Stored data
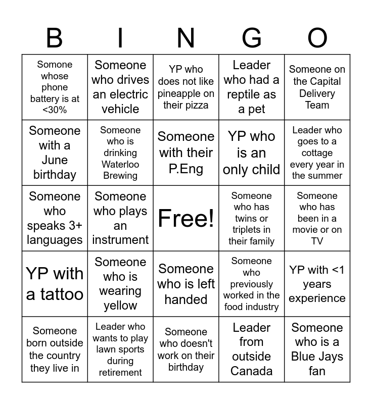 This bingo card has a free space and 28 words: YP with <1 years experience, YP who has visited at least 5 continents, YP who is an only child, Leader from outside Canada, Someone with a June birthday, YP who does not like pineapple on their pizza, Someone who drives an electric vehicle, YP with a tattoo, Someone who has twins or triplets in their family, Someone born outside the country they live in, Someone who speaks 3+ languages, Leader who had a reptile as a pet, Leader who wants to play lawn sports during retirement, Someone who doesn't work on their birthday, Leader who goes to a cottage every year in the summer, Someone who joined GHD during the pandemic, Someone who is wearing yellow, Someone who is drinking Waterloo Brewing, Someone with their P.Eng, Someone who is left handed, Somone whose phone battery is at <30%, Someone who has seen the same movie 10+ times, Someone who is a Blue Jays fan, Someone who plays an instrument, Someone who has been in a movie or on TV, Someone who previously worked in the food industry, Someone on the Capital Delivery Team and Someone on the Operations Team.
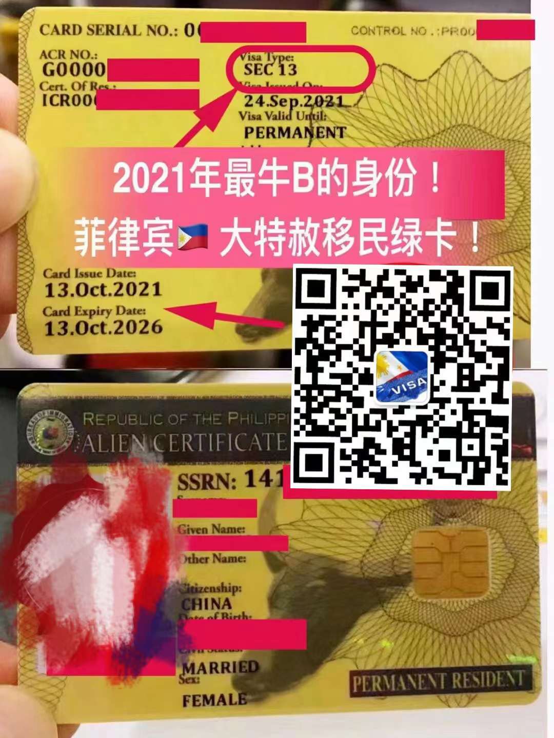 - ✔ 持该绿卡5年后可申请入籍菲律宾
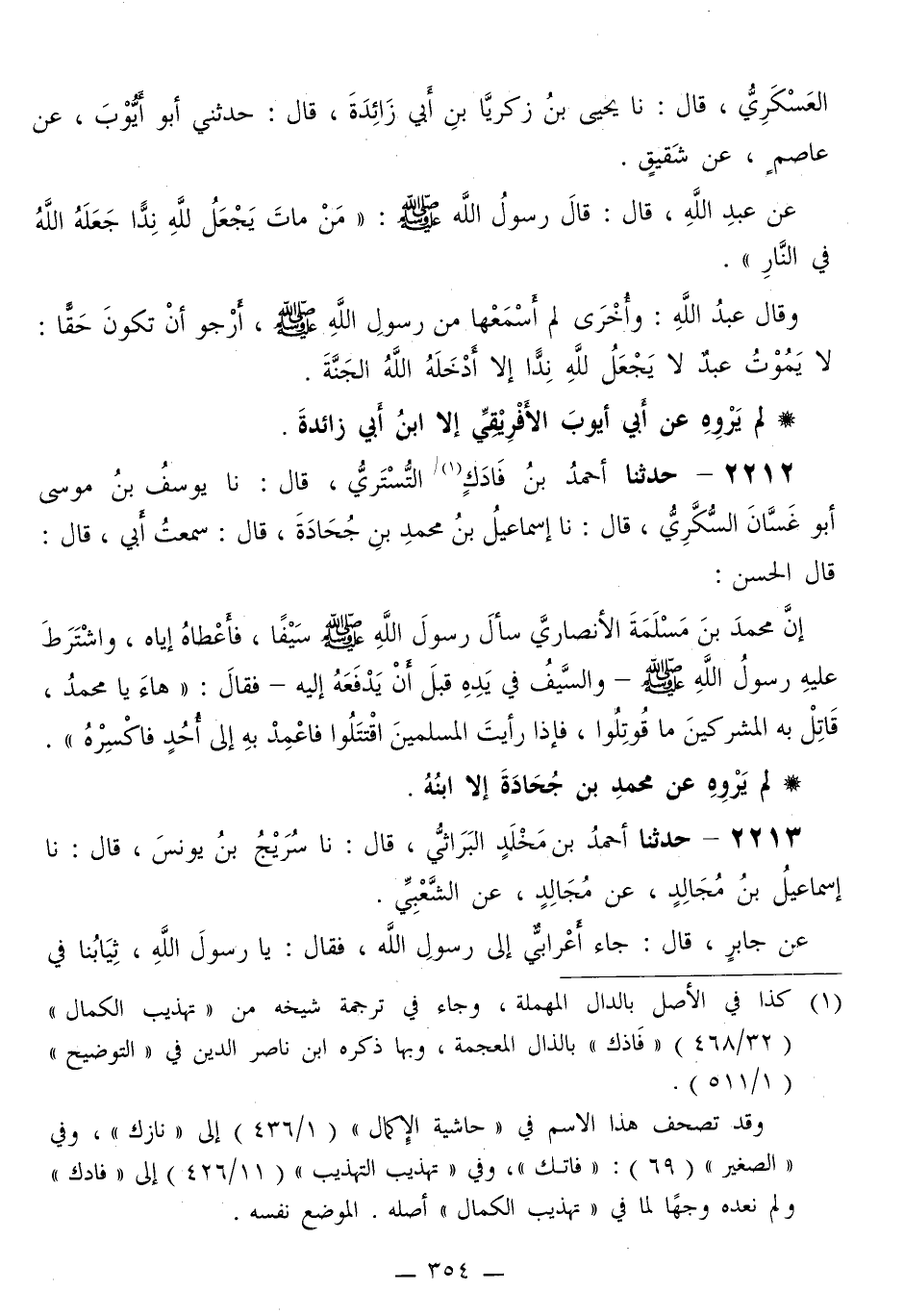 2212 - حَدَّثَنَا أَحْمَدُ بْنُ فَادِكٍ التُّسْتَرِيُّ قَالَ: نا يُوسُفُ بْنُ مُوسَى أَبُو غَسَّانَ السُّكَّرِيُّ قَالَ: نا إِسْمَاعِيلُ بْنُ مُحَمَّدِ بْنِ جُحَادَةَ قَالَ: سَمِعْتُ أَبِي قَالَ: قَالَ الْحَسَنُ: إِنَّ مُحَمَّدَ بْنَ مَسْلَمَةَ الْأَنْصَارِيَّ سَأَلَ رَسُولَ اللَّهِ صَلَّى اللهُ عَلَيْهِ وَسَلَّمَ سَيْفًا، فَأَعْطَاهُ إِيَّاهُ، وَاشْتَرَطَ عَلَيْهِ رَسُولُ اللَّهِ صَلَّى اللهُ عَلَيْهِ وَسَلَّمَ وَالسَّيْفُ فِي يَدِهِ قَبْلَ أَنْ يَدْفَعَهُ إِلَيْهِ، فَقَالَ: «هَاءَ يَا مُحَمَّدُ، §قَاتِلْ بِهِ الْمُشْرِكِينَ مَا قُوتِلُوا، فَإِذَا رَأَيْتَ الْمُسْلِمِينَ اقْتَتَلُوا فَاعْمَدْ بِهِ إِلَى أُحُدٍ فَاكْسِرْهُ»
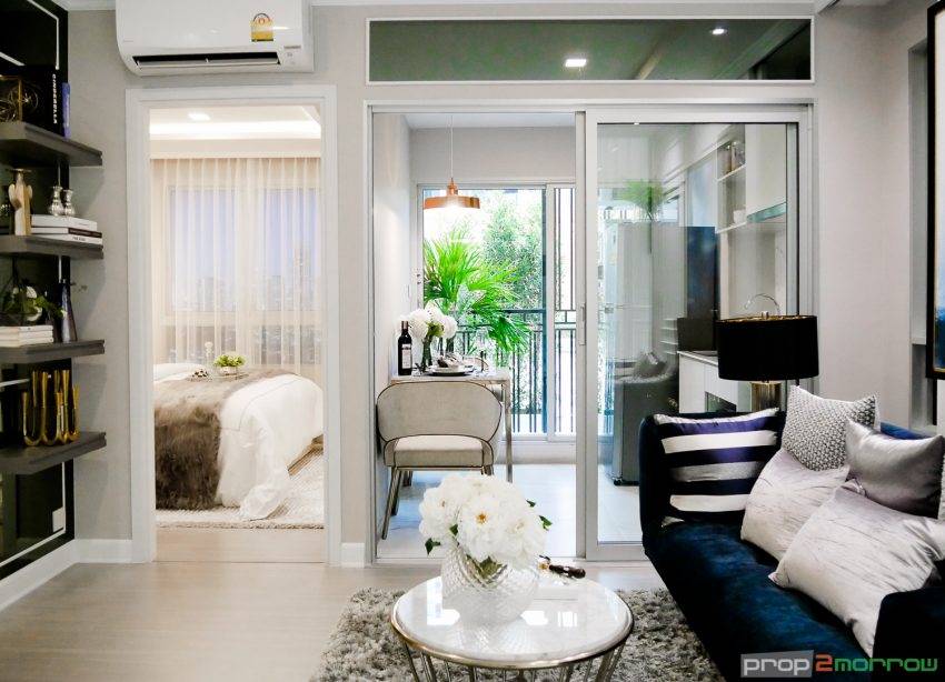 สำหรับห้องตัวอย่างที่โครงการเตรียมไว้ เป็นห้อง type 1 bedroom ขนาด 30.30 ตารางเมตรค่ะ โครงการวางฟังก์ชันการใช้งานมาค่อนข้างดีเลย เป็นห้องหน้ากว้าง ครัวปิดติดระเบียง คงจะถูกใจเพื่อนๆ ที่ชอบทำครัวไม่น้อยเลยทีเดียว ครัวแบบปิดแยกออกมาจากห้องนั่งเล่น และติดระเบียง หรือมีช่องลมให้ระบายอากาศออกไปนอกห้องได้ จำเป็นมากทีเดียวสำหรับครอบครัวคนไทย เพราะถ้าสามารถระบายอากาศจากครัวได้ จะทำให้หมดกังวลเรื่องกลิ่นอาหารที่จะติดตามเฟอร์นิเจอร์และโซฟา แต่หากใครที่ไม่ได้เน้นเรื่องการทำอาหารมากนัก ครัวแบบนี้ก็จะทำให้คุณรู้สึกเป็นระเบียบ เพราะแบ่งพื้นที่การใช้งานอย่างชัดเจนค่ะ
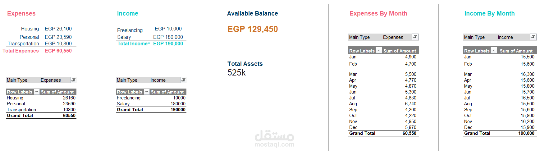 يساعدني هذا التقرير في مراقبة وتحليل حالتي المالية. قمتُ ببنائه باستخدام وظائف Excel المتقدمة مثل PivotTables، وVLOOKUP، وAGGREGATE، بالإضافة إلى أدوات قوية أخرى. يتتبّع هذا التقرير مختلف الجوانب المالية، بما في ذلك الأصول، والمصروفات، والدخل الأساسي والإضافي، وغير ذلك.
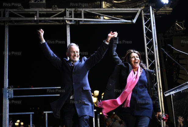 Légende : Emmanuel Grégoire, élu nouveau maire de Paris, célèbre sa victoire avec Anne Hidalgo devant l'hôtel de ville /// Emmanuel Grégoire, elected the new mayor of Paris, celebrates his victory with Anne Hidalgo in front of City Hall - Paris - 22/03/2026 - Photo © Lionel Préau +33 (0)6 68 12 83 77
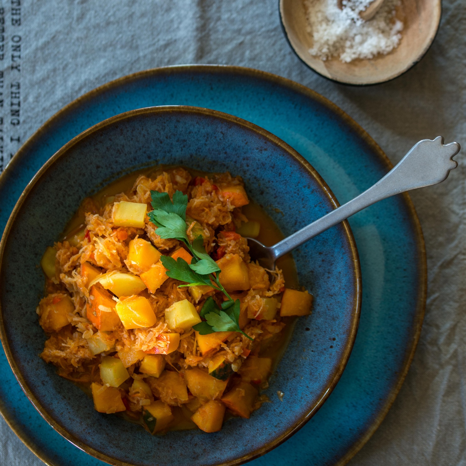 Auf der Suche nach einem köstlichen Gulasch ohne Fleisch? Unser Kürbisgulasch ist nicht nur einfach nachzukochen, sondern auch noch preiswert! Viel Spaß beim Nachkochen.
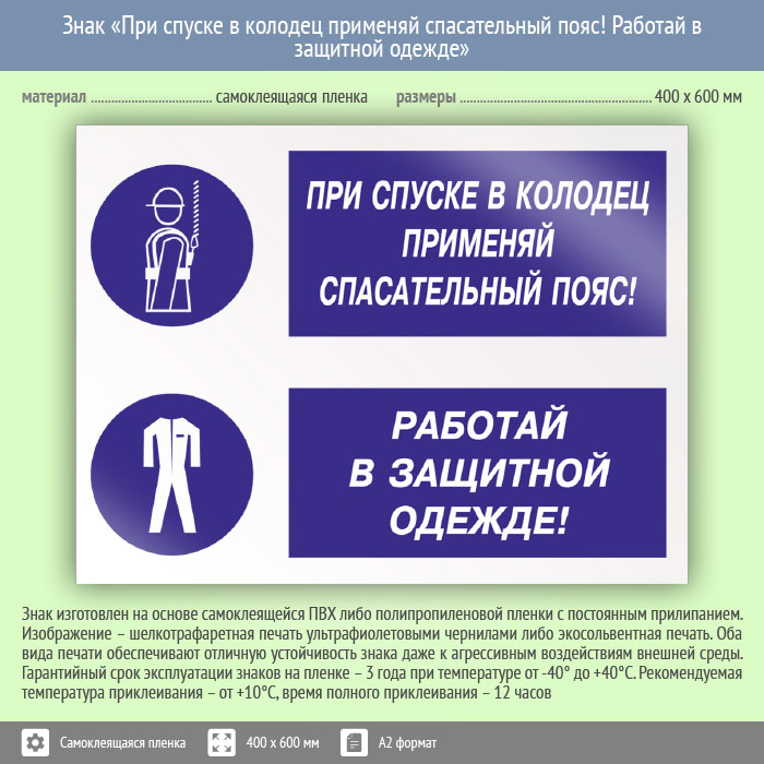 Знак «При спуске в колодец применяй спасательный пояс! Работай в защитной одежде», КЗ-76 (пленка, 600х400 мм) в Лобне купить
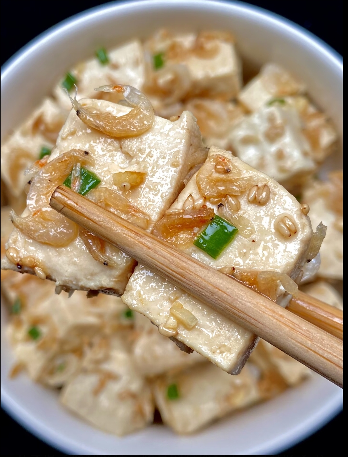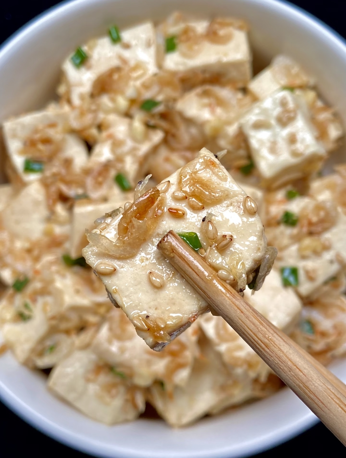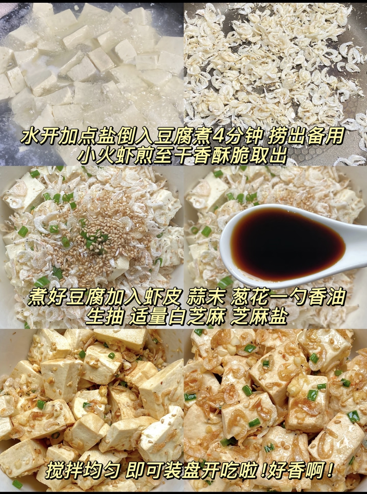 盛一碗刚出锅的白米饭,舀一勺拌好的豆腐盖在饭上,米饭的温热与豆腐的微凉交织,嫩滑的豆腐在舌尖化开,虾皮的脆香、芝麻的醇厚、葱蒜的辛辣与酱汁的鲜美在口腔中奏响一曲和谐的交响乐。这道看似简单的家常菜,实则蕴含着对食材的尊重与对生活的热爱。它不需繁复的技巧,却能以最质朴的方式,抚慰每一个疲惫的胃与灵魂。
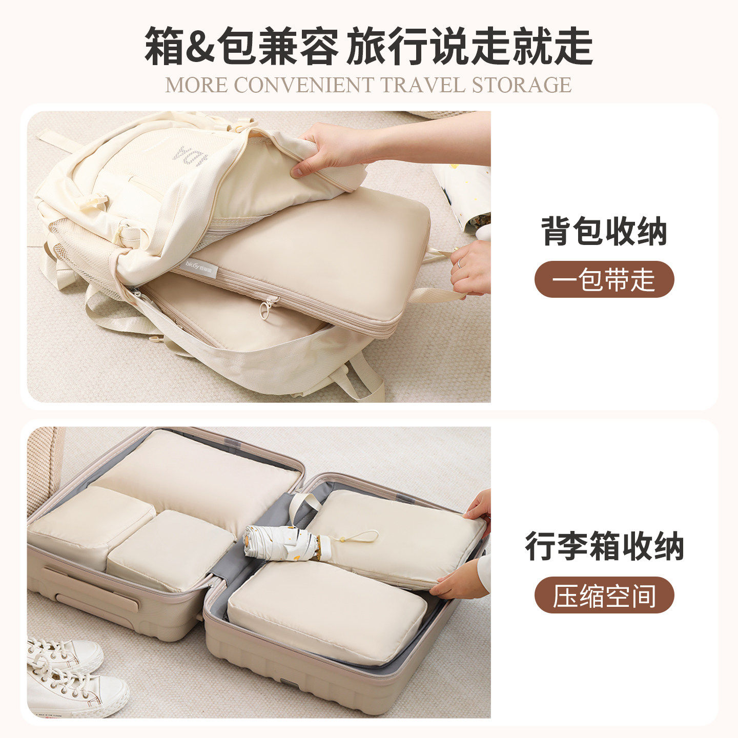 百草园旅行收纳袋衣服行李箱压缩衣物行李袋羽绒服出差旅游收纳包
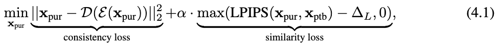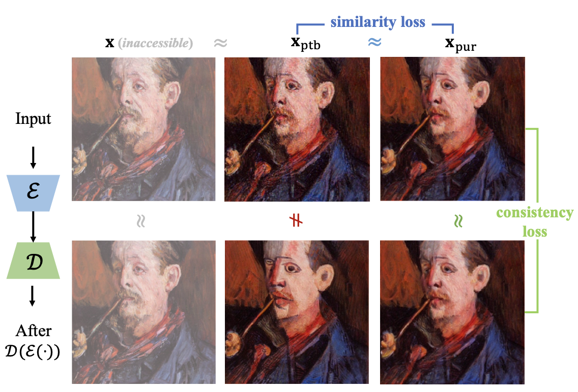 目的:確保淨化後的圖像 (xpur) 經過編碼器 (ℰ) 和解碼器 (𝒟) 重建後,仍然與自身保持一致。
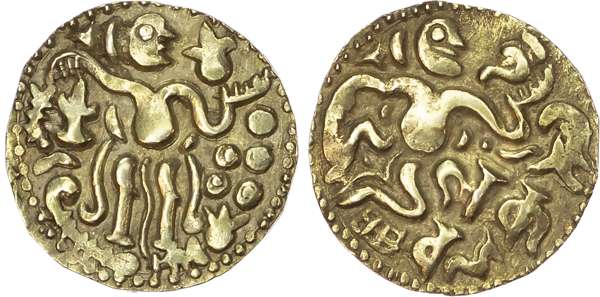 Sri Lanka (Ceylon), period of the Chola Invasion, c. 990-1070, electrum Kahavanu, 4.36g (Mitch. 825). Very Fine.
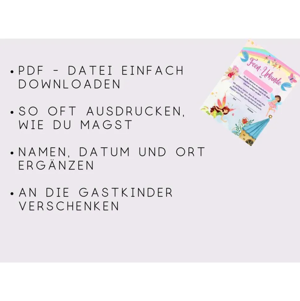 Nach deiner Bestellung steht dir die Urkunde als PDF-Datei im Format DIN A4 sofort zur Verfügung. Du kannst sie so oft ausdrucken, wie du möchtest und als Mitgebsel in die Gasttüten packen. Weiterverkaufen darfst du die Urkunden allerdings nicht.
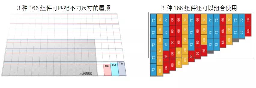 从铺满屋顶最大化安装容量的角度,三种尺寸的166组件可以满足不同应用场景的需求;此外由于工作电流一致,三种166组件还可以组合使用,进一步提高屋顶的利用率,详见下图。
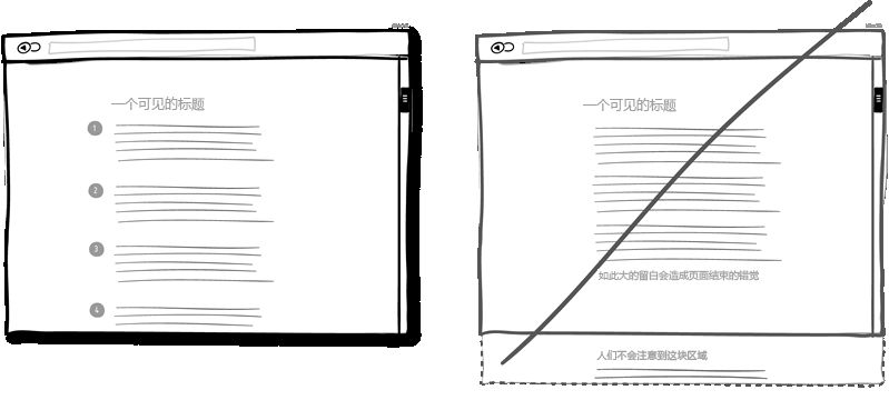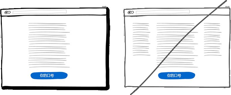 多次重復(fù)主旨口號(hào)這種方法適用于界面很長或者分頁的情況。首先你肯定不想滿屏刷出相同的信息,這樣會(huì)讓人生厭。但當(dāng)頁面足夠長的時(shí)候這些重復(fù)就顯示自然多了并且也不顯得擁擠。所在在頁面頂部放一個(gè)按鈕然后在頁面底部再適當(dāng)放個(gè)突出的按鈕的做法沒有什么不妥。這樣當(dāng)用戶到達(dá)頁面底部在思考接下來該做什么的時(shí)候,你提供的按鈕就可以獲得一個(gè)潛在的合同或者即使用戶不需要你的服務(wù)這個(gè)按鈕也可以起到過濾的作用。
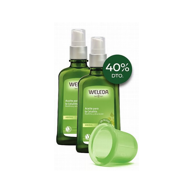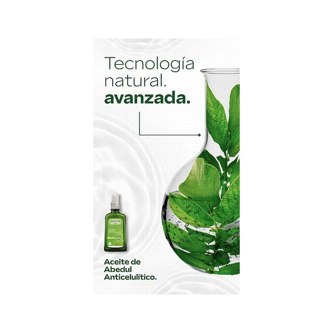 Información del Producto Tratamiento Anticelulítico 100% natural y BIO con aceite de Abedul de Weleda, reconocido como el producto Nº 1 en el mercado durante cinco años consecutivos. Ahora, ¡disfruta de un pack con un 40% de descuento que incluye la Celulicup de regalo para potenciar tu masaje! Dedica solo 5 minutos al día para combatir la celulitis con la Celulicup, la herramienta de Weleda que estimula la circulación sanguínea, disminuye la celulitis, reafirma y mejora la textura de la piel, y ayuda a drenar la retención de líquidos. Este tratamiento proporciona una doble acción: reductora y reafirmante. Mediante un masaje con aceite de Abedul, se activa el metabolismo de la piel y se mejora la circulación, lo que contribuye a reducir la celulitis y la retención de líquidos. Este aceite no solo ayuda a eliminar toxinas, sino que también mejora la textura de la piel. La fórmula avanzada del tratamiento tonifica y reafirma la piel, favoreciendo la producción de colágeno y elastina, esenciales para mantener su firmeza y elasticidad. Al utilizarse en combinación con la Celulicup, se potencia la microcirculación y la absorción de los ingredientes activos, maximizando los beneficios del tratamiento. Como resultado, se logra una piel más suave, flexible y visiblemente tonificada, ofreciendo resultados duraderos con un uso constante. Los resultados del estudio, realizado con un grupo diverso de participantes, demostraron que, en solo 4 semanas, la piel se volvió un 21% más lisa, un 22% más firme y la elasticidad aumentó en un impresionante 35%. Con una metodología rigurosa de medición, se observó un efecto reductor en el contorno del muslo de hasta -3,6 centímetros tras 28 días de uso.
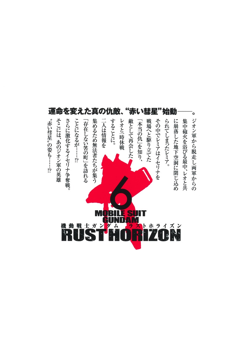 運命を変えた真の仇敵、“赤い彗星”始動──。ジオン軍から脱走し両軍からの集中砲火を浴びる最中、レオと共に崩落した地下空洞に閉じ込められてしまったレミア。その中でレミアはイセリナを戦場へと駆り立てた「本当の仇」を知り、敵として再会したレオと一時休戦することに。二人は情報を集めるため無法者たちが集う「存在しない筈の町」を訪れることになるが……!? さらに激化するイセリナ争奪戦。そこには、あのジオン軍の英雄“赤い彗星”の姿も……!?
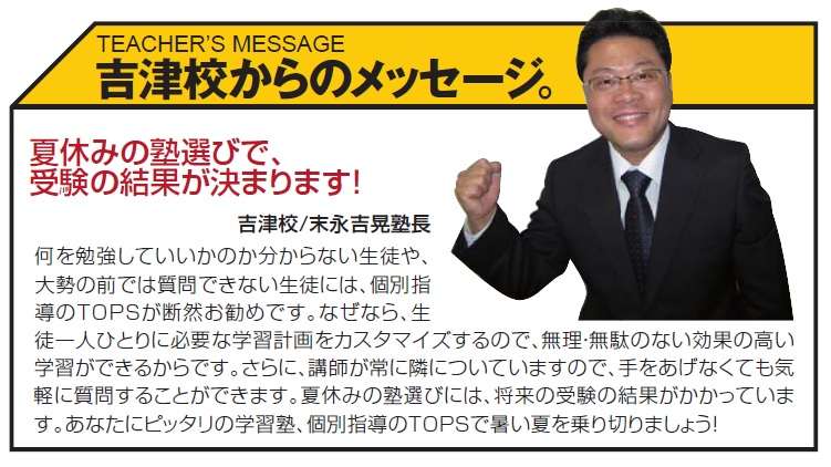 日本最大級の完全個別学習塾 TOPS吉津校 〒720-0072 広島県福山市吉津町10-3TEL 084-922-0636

- _WHAT TO DO_: Respond with the exact lines above running from the one containing "Légende : Emmanuel" to the one containing "Sri Lanka (Ceylon), period", both ends kept and no pictures included.

- _ANSWER SPACE_:
 Légende : Emmanuel Grégoire, élu nouveau maire de Paris, célèbre sa victoire avec Anne Hidalgo devant l'hôtel de ville /// Emmanuel Grégoire, elected the new mayor of Paris, celebrates his victory with Anne Hidalgo in front of City Hall - Paris - 22/03/2026 - Photo © Lionel Préau +33 (0)6 68 12 83 77
 Auf der Suche nach einem köstlichen Gulasch ohne Fleisch? Unser Kürbisgulasch ist nicht nur einfach nachzukochen, sondern auch noch preiswert! Viel Spaß beim Nachkochen.
 Знак «При спуске в колодец применяй спасательный пояс! Работай в защитной одежде», КЗ-76 (пленка, 600х400 мм) в Лобне купить
 盛一碗刚出锅的白米饭,舀一勺拌好的豆腐盖在饭上,米饭的温热与豆腐的微凉交织,嫩滑的豆腐在舌尖化开,虾皮的脆香、芝麻的醇厚、葱蒜的辛辣与酱汁的鲜美在口腔中奏响一曲和谐的交响乐。这道看似简单的家常菜,实则蕴含着对食材的尊重与对生活的热爱。它不需繁复的技巧,却能以最质朴的方式,抚慰每一个疲惫的胃与灵魂。
 百草园旅行收纳袋衣服行李箱压缩衣物行李袋羽绒服出差旅游收纳包
 目的:確保淨化後的圖像 (xpur) 經過編碼器 (ℰ) 和解碼器 (𝒟) 重建後,仍然與自身保持一致。
 Sri Lanka (Ceylon), period of the Chola Invasion, c. 990-1070, electrum Kahavanu, 4.36g (Mitch. 825). Very Fine.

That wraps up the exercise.